Price of the vehicle – The price has a major impact on your payments and the higher the price you pay, the higher the monthly payment. This is very important and you need to keep this is perspective.  Beat the dealer up on price as much as you can.  Be prepared to walk away, and do so if they won’t come to your price point.  And, the end of the month is usually a better time to negotiate because the salespeople have quotas that they have meet each month.

APR and length of loan – Annual percentage rate (APR) is the interest rate you pay on an annual basis.  APR is also quoted with the number of months of the loan.  This is the best gauge for comparison purposes when you are loan shopping.
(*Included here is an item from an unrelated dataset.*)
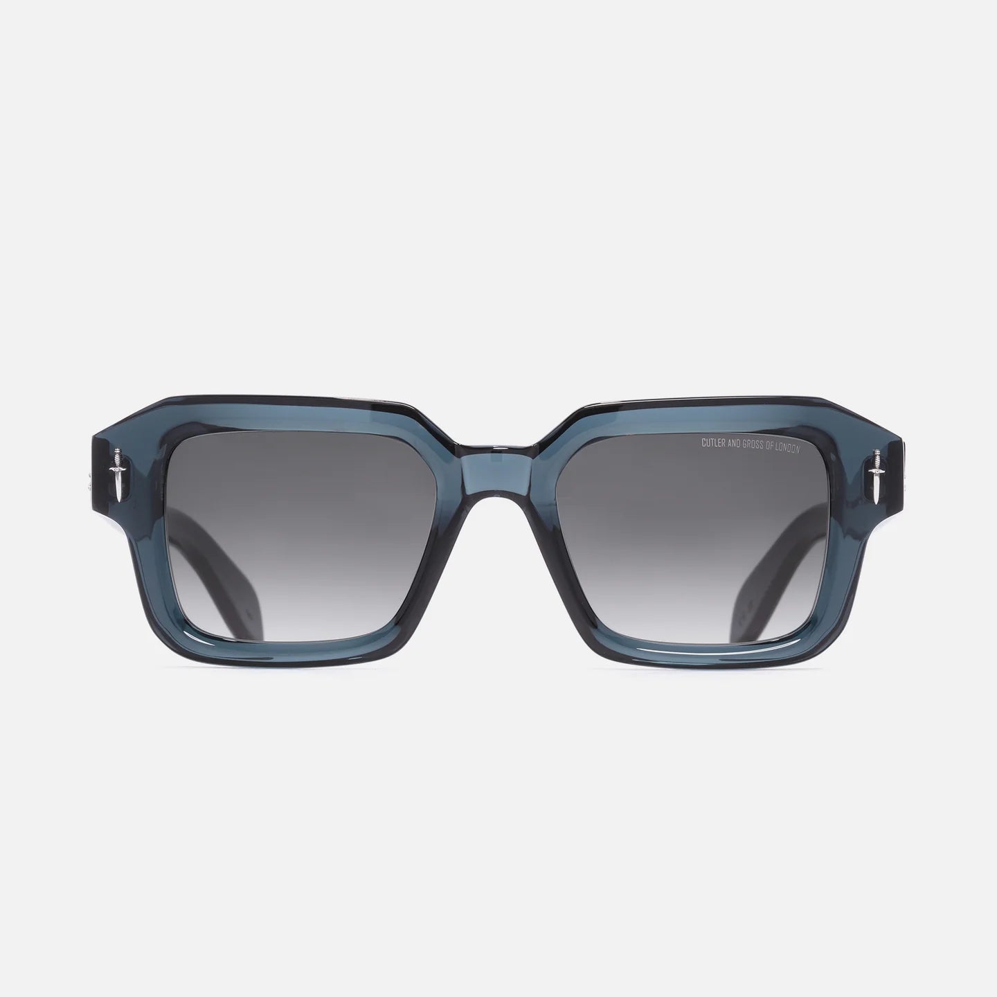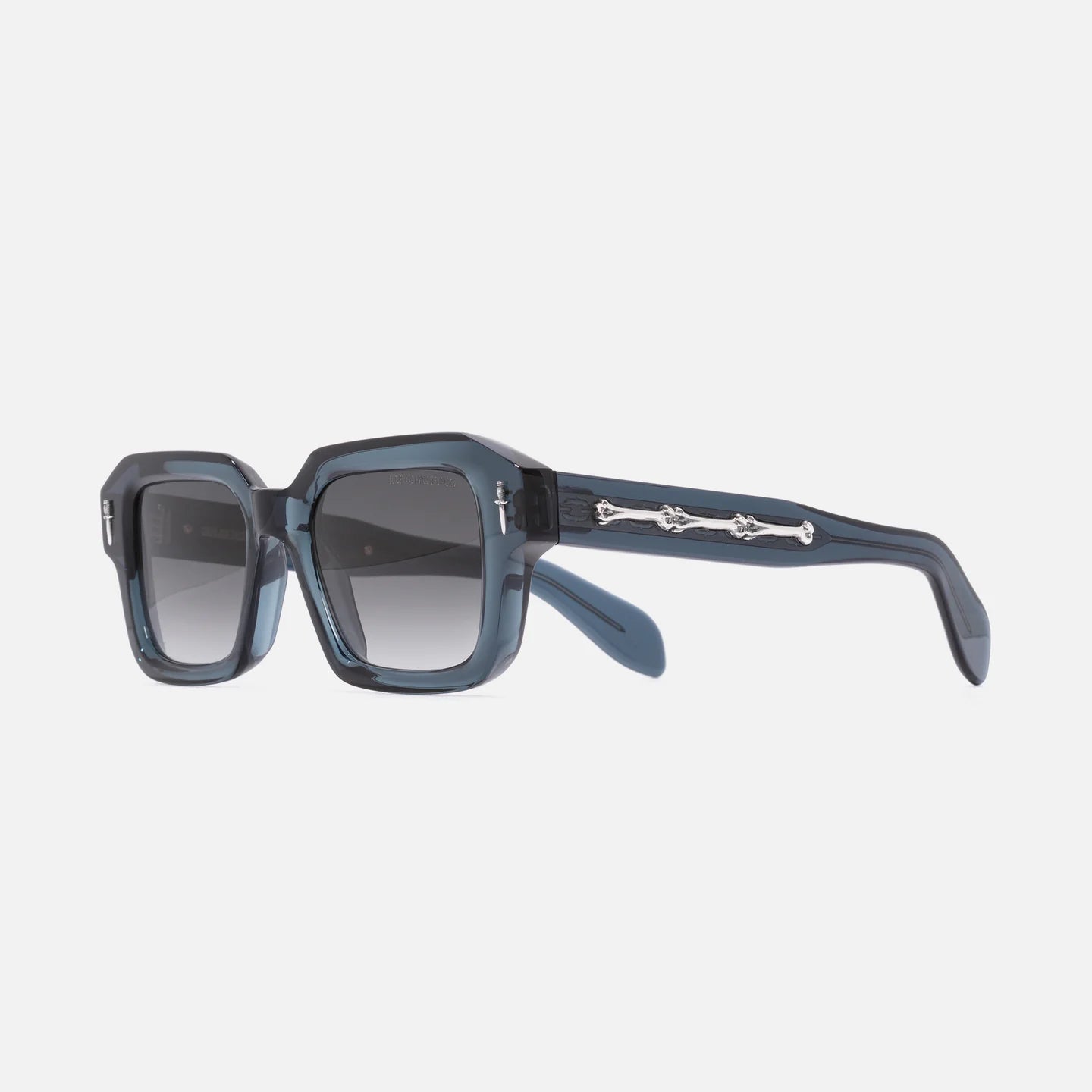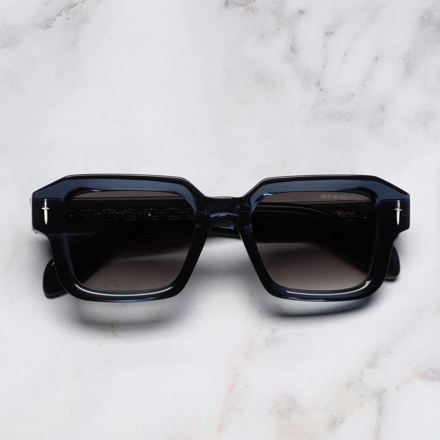 The Great Frog's rock'n'roll jewellery meets Cutler and Gross's acetate artistry with these square sunglasses. Hand cast in Sterling Silver, Bones Link and Dagger emblems gild the temples and frontal. The clean-cut shape is reverse-milled and threaded with Lock Down chain core wire.

For example a car loan of $25,000 at interest rate of 4.38% has the following options:

Time               monthly payment     total amount             interest paid

36 mo.           $742                           $26,724                     $1,724

48 mo.           $568                           $27,300                     $2,300

60 mo.           $465                           $27,883                     $2,883

You need to be aware of the amount of interest you are paying. In this example, the longer the loan, the more you pay in interest. In three years, you pay $1,724 in interest or $2,883 in five years.

Penalties for paying it off early – You need to review the terms of the loans for penalties. Some lenders require full payment of the total interest charges and won’t reduce them for early paying off. Others may charge a set penalty such as a certain number of month’s worth of interest.  They don’t incent you to pay early; they still want the same profit from the loan.  Walk away from these loan offers.  They’re terrible.

Take the time to research your options before you get a car loan, it can really save you money.   You need to keep in mind your budget and what you can afford.  Buy one or two levels below what you WANT.  A car is possibly the worst investment you’ll ever make because it’s an expensive depreciating asset.  Don’t compound it by over paying for a car.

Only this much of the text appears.